Alexander Scriabin: Complete Late Piano Music Vol. 1 and 2 James Kreiling (ODRADEK RECORDS 2018)

When I first became enamoured with Scriabin' s music, 18 years ago, his late works were still dismissed by many students and teachers (in the UK at least) as mere curiosities. Audiences would look back at me, perplexed. Some would even scoff when I explained his ideas regarding art and existence. Of course, this was not everyone’s reaction, but it has been a regular experience. I find this perception of his music unfair: for me, Scriabin’s late works are some of the most extraordinary, original, and beautiful music I know, and demand to be taken seriously...It is art’s transformative capacity which Scriabin develops. He wanted his art to unite people, to break down the barrier between audience and performer, just as music is able to cross social and cultural divides.

James Kreiling


Scriabin specialist James Kreiling invites us into the composer’s heady and intoxicating musical world as he performs Scriabin’s complete late piano music.

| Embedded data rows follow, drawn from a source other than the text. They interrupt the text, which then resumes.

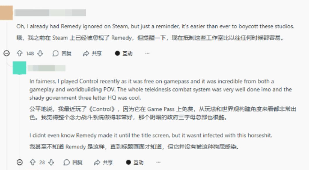 玩家们自然也炸锅了,Reddit上全是吐槽的声音,好多人说已经把Remedy加入Steam忽略名单,以后再也不买他们家游戏了。确实啊,大家玩游戏是为了放松娱乐,不是来被迫接受别人的思想输出的,好好做游戏不行吗?非要搞这些有的没的,把游戏当成传播议程的工具,真的太败好感了!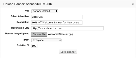 - The banner you upload must be the same size for the ad slot, noted at the of the dialog box -- 600 x 200 in the example below.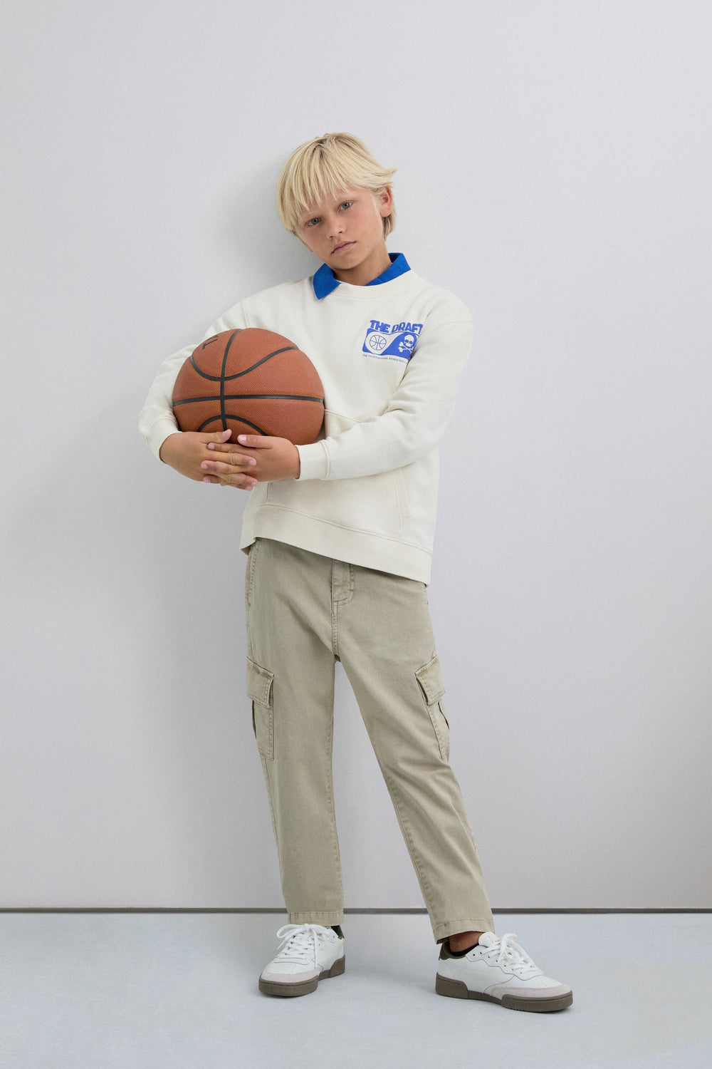 Calças cargo confecionadas em algodão BCI ligeiramente elástico. Regular fit, fecho com botão e zip e bolsos laterais. Presilhas na cintura e bolsos nas pernas com placket.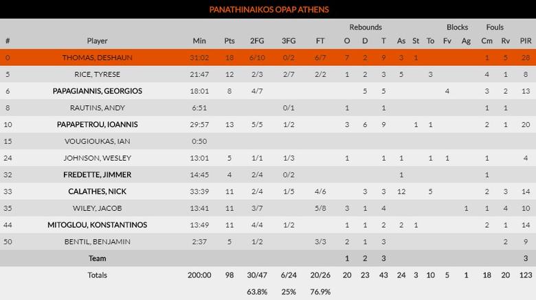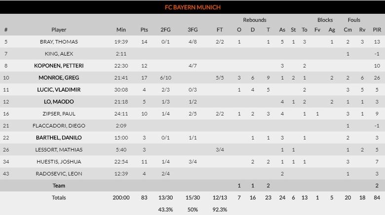 Los griegos comenzaron con el gran nivel ofensivo que muestran desde la vuela de Pitino y parecía que podíamos ver una victoria cómoda. Pero la vuelta de TJ Bray le sentó muy bien al Bayern, que además tuvo un acierto sorprendente desde la línea de tres. Monroe se encontraba a gusto y dominaba las zonas para que los alemanes anotarona 35 puntos en el segundo cuarto. En el tercero se igualó el duelo pero los de Oliver Kostic seguían metiendo la mitad de sus triples (acabarían con 15 de 30) pero en el último los visitantes se vinieron abajo y anotaron solo 8 puntos. Calathes dominó con su doble doble habitual, que hoy fue de 11 y 12, pero el protagonista fue para DeShaun Thomas, con 18 puntos, 9 rebotes y 28 de valoración. Buen papel en la zona por parte de Papagiannis, Wiley y Mitoglou, además de otro gran partido de Papapetrou (20 de valoración). Por parte alemana hubo hasta cinco jugadores en dobles dígitos de anotación y Monroe se fue a 26 de valoración, pero todo quedó en nada ante su hundimiento en los últimos diez minutos.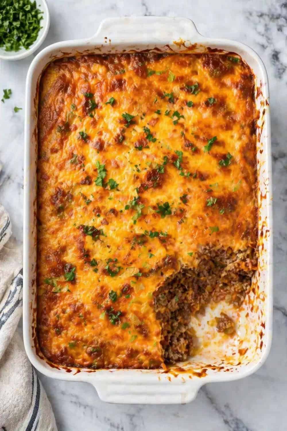 If you notice the rice still has a little bite after the covered bake, add 2–3 tablespoons of broth, re-cover, and bake for another 5 minutes. Always let the casserole rest before serving — this allows the liquid to fully absorb and the layers to set up nicely, giving you clean, hearty scoops.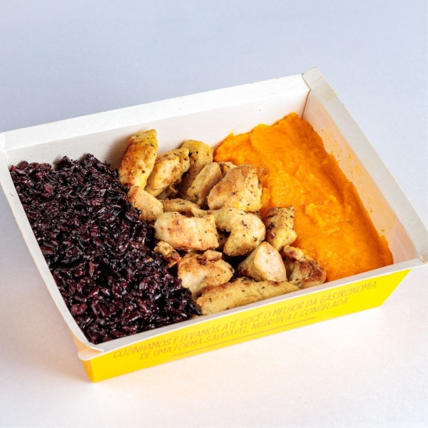 Delicie-se com nosso Frango Grelhado Com Lemon Pepper, uma porção generosa de 120g que promete seduzir o seu paladar. O prato é acentuado pelo Arroz Negro de 110g, cuja textura única e sabor intenso proporcionam uma experiência incomparável. Para completar a refeição, servimos uma Mousseline de Cenoura de 70g, preparada com maestria para encantar você com sua suavidade e sabor delicado. Juntos, esses ingredientes formam uma refeição de 300g, equilibrada e rica em sabor, que certamente irá satisfazer o seu apetite.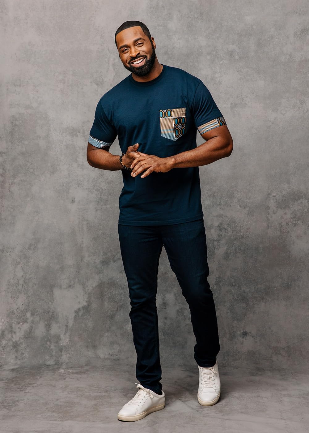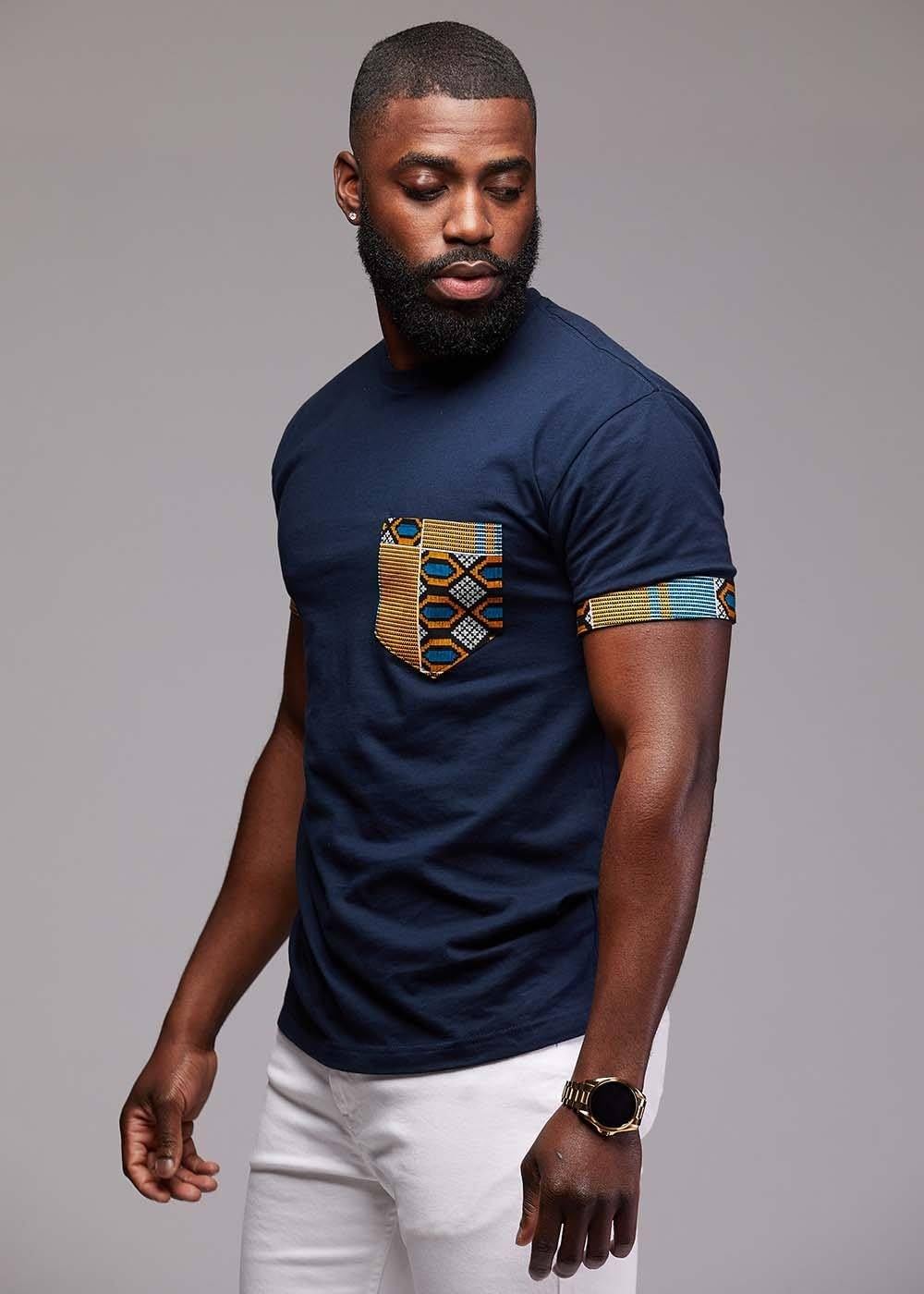 D'IYANU | Seun Men's African Print T-Shirt with Patterned Pocket | Short Sleeve Premium Comfortable and Traditional

Scriabin was a master of the miniature, and these short works make up the majority of his musical output. To listen to Scriabin’s late music is to enter a different world, a realm of suggestion, seduction, delirium, dance, beauty, even terror. Within 20 years, his music had developed from the romantic miniature, influenced by Chopin, Schumann, and Liszt, to music which extended tonality to its limitations.

The late miniatures heard on this release are perhaps the best place to start if approaching this music for the first time. More than just musical experiments in preparation for the longer sonatas, they are perfectly contained musical worlds, each entirely different and unique from the others. They range from more extended works such as the dream-like, half-lit world of the Poème-Nocturne, to rarely-heard gems such as the Feuillet d’album, the Quatre Pièces, and Scriabin’s exploration of the intervals of the 9th, 7th, and 5th, in the Trois Études, Op. 65.


Most of Scriabin’s miniatures were published in contrasting pairs, emphasising a key element of his late style: opposites and contrast. The concept of opposing forces is found throughout Scriabin’s thinking, taking on many forms: impulsive, energised and fiery, versus languorous, beautiful, seductive; or as contrasting states – purity and terror, material and spiritual, good and evil, light and dark.

James Kreiling, who specialised in this repertoire for his Doctorate, brings a rare level of insight and inspiration to his performances of Scriabin’s late music. Every nuance is understood and communicated with subtlety and sensuality, the kaleidoscope of Scriabin’s palette of colours drawn out in Kreiling’s outstanding interpretations.